Neftalí O. Soto (born February 28, 1989) is a Puerto Rican professional baseball first baseman for the Yokohama DeNA BayStars of Nippon Professional Baseball (NPB). He has played in Major League Baseball (MLB) for the Cincinnati Reds.

He led the Central League with 41 home runs in the 2018 season, and with 43 in the 2019 season.

Early life
Soto was born in Manatí, Puerto Rico and attended Colegio Marista High School.

Professional career

Cincinnati Reds
The Reds drafted Soto with a supplemental third-round pick in the 2007 Major League Baseball Draft. He played the rest of the 2007 season with the Gulf Coast League Reds rookie-class team, hitting .303 with two homers and 28 RBI.

Soto started 2008 with the rookie-class Billings Mustangs, where he hit .388 in 67 at-bats, belting four homers with 11 RBI. His performance earned him a promotion to low-A Dayton. In 218 at-bats for the Dragons, he hit .326 with seven homers and 36 RBI.

Soto was promoted again for 2009, this time to the advanced-A Sarasota Reds. He played a full season at Sarasota, getting 505 at-bats and hitting .248 with 11 homers and 57 RBI. The Reds advanced-A team moved to Lynchburg for 2010, where Soto played for the 2010 season. In 522 at-bats he hit .268 with 21 homers and 73 RBI.

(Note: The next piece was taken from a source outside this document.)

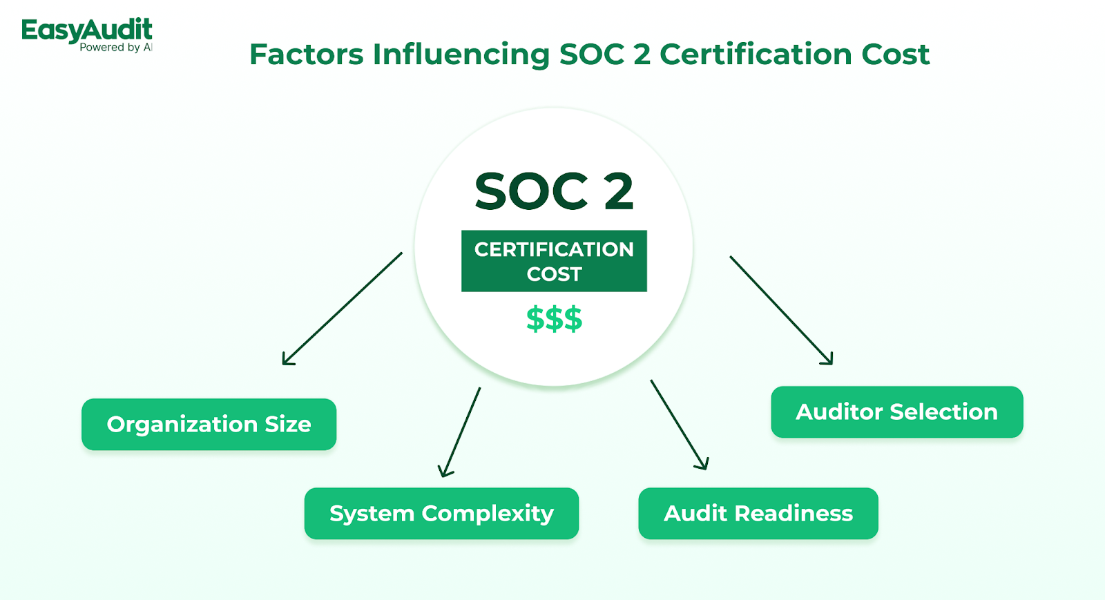 Several factors influence the total cost of achieving SOC 2 compliance:
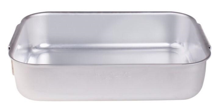 Rostiera rettangolare pesante 2 manici con angoli tondi in alluminio.

In 2011, Soto played for the double-A Carolina Mudcats. He played in 102 games (379 at-bats), hitting .272 with an impressive 30 homers and 76 RBI. After the double-A season, he played in four games for triple-A Louisville, going 7-for-17 with another home run and four more RBI. His season slugging percentage was .576. Soto was named Southern League player of the week twice during the season for Carolina.

Entering his fifth year of eligibility (which would make him eligible for the Rule 5 Draft), the Reds placed him on the 40-man roster following the 2011 season.

Soto was called up to the Major Leagues for the first time on May 18, 2013. In 13 games with the Reds, he batted 0-for-12.

In 2014, he began the season on the Reds' big-league roster, and tallied his first career RBI on April 7 against the St. Louis Cardinals with a sacrifice fly off Trevor Rosenthal to drive in Ryan Ludwick. On April 14 he got his first big-league hit, a fifth-inning double off the Pittsburgh Pirates' Wandy Rodriguez.

Soto was outrighted off the Reds roster on October 28, 2014.

Chicago White Sox
On March 23, 2015, Soto was traded to the Chicago White Sox for cash considerations. He spent the year with the Triple-A Charlotte Knights and elected free agency after the season.

Washington Nationals
On February 8, 2016, Soto signed a minor league deal with the Washington Nationals. After splitting time between the Double-A Harrisburg Senators and the Triple-A Syracuse Chiefs in 2016 and putting up a combined .274/.318/.408 slash line with 10 home runs, Soto was invited to major league spring training as a non-roster player in 2017. Soto was not selected to the Nationals roster, but he went on to have a much stronger season with Harrisburg and then Syracuse, with a .311/.364/.528 slash line and 24 home runs across both levels. On November 6, 2017, he elected free agency.

Yokohama DeNA BayStars
On November 10, 2017, Soto signed with the Yokohama DeNA BayStars of Nippon Professional Baseball(NPB).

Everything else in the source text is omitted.